On the desktop I use KeeWeb [1], which works great on both Linux and OS X, and
I assume on Windows as well, on Android I use Keepass2Android [2], which is
actually better than 1Password on Android btw, and on iOS I use MiniKeePass
[3]. This last one is a little weak, but it works. All 3 are open source btw.

And seriously, it works better than I expected for $0.

What made me switch is their move to a subscription model. They pretend that
the old licensing model will still be around, but if you pay attention, that's
not true. The first thing they did for example is to get rid of the Mac-only
license, in order to make subscriptions seem more competitive.

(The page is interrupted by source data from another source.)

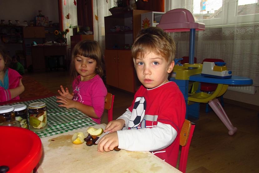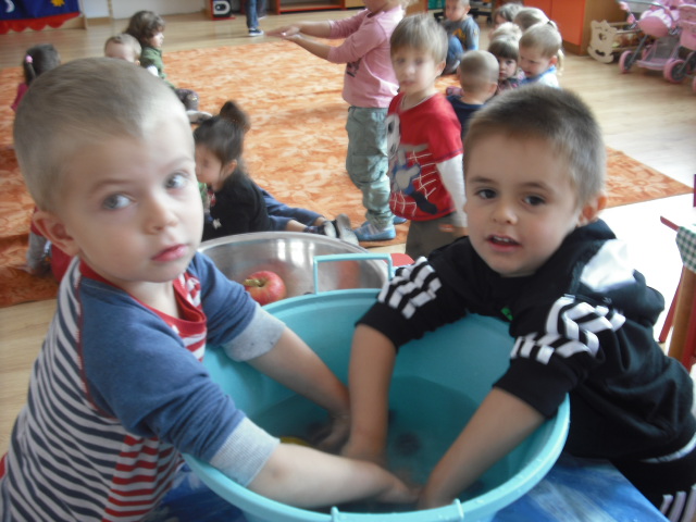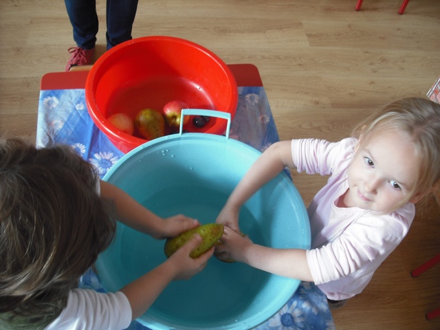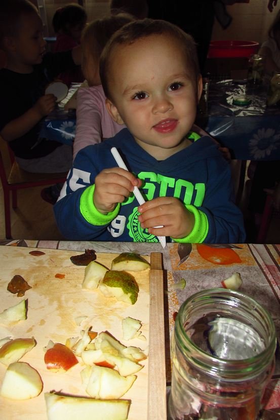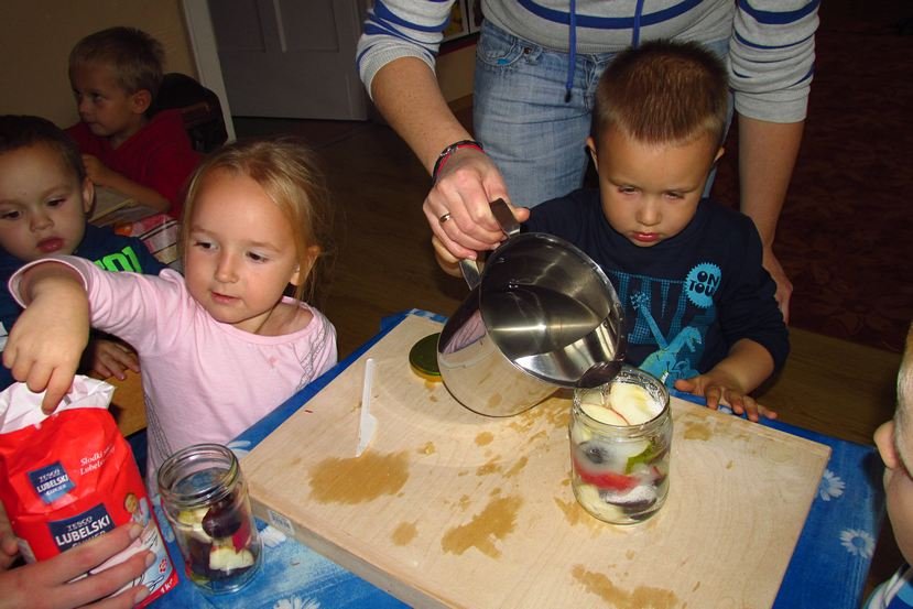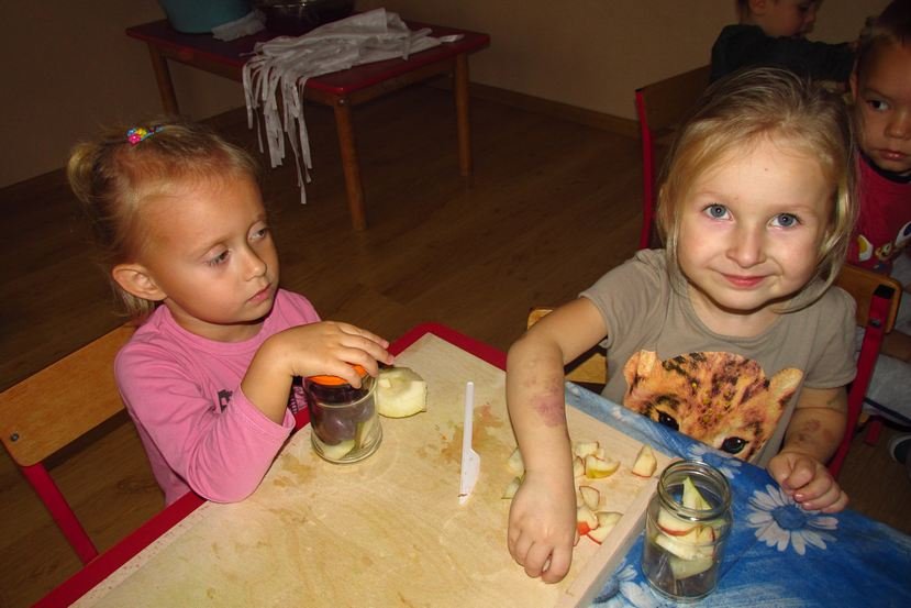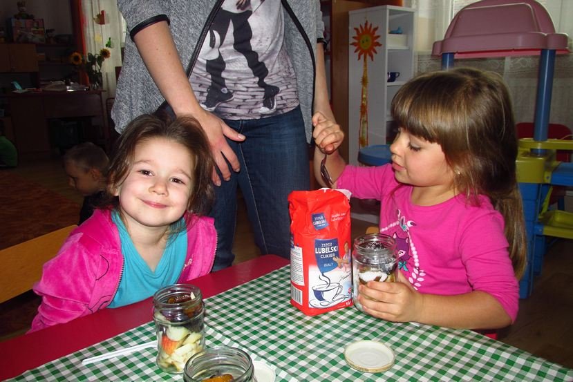 W pierwszym tygodniu października grupa Asy realizowała temat "Jesień w sadzie". W związku z tym pani Paulina przygotowała dzieciom wielką niespodziankę - zaproponowała im przygotowywanie kompotów! Nasze małe Promyczki lubią współdziałanie, dlatego do tak poważnej pracy zaprosiły grupę Smyki.
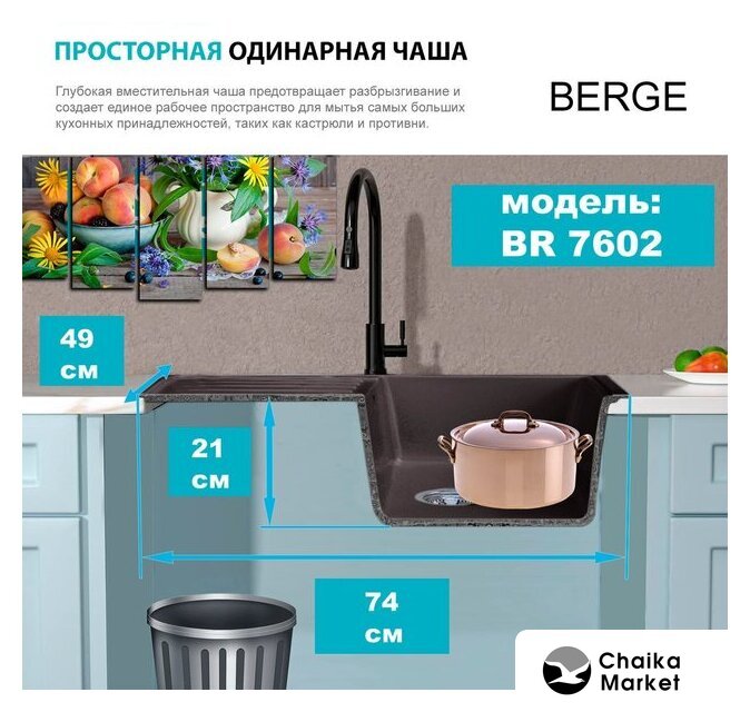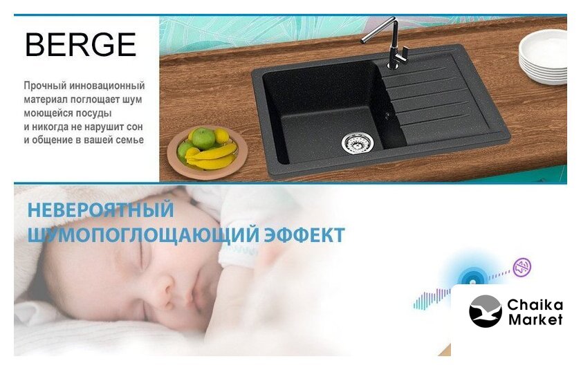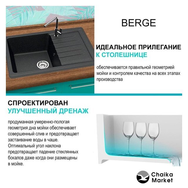 Комплектация | Мойка кухонная Berge BR-7602, Смеситель AM.PM Like F8007122 |
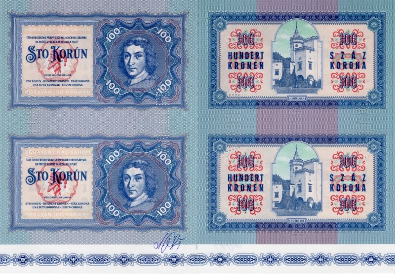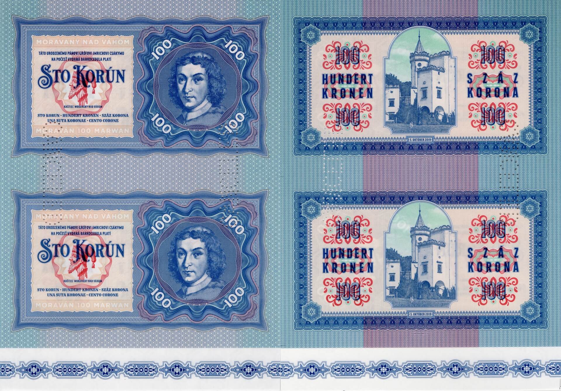 Aršík 100 korún Moravany Posted in 2019, Aršíky a ostatní Rozměry (mm): 169×233 Číslo: Bez číslovače s perforací CANCELED Rozměry (mm): 169×233 Číslo: Bez číslovače s perforací CANCELED s podpisem Mateje Gábriše
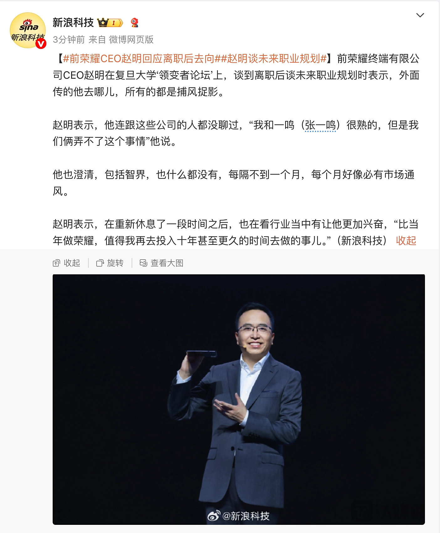 IT之家 9 月 17 日音问,据新浪科技,前荣耀末端有限公司 CEO 赵明在复旦大学“领变者论坛”上谈到了我方从老东家辞职后的改日相关。
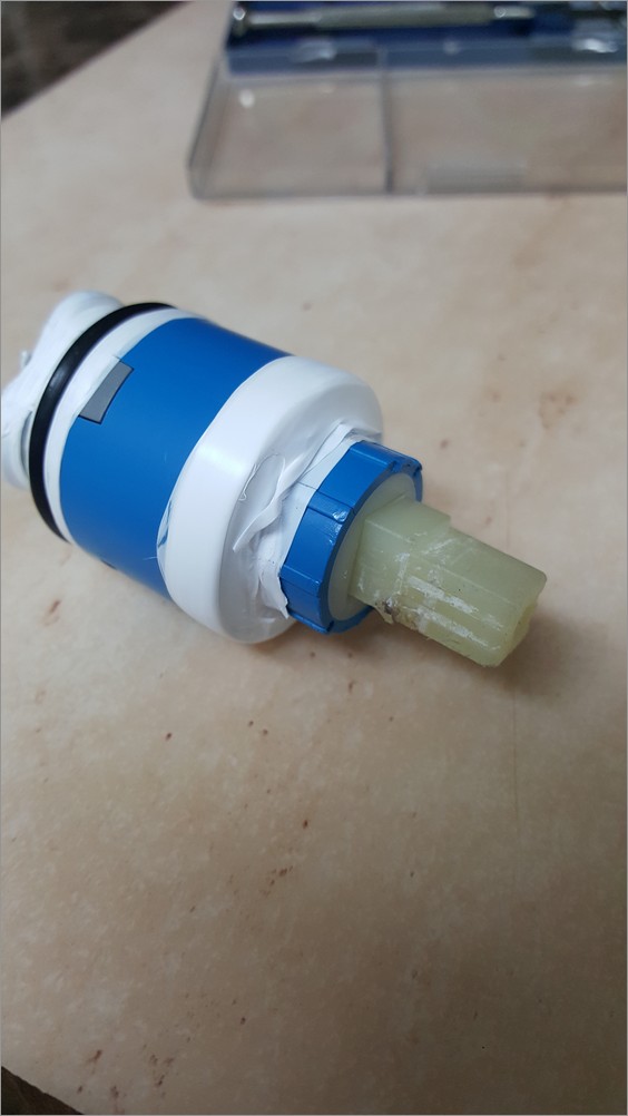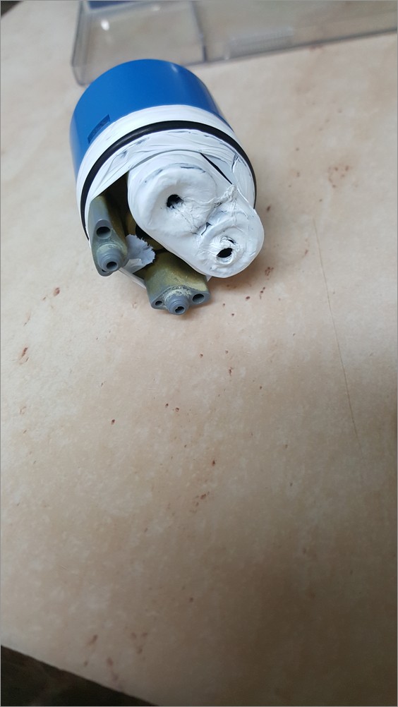 카트리지 내부에 조립된 세라믹 재질의 수로 덮개가 오랜 사용으로 미세하게 마모될 수 있기 때문에 파란색 카트리지 상부 부품을 좀 더 밀착시키기 위하여 이런 작업을 추가한 것입니다.
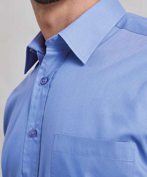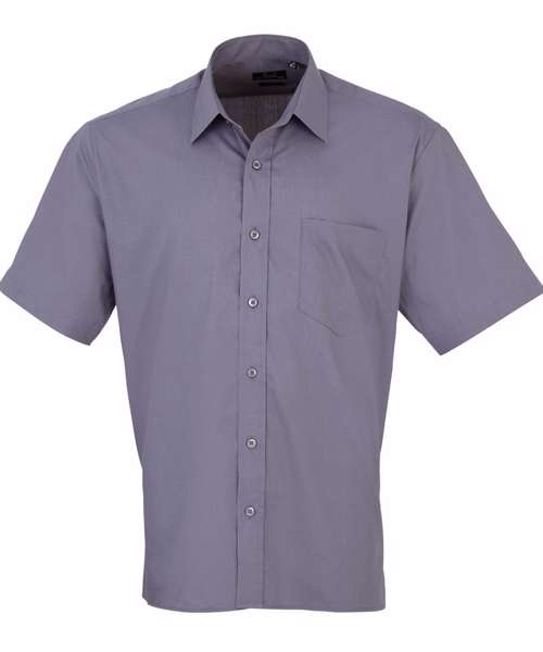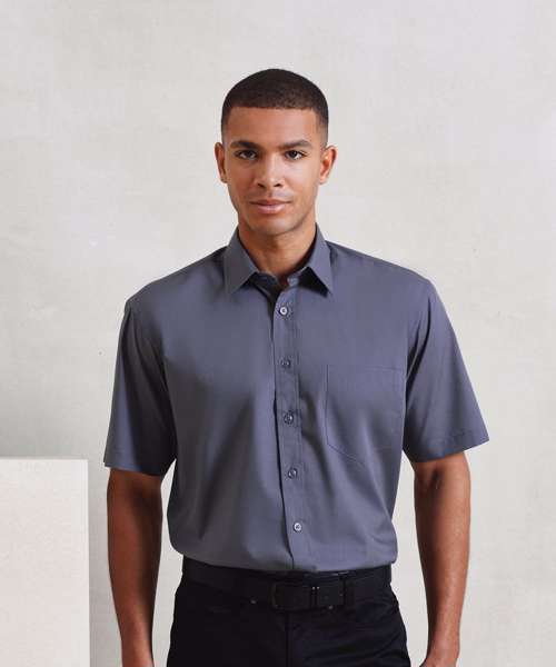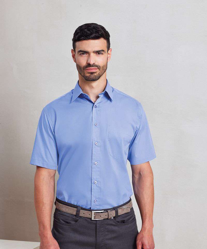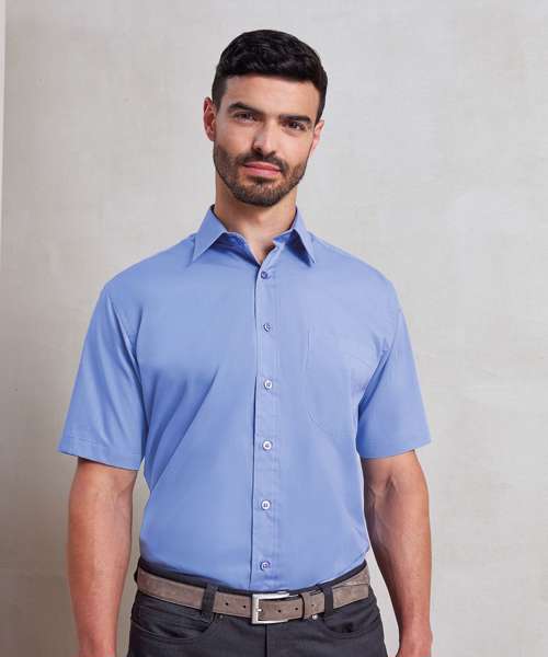 A short sleeve work shirt for men. This shirt has a stiffened formal cut collar that can accommodate a tie and the main body has a useful left breast pocket.

And they also
stopped developing standalone features. I'm a Linux user as well, I would have
liked a Linux port. And the only sync option is Dropbox, but Google Drive or
other options would have been nice.

On cloud syncing, I do syncing by means of Dropbox, but my Dropbox directory
isn't a big target for hackers and at the very least I know how KeePass and
GPG work, what ends up in my Dropbox being just an encrypted file. I don't
know how LastPass and 1Password work, even though they claim the encryption is
only client side, and frankly I don't care anymore.

[1] [https://keeweb.info/](https://keeweb.info/)

[2]
[http://keepass2android.codeplex.com/](http://keepass2android.codeplex.com/)

[3] [https://minikeepass.github.io/](https://minikeepass.github.io/)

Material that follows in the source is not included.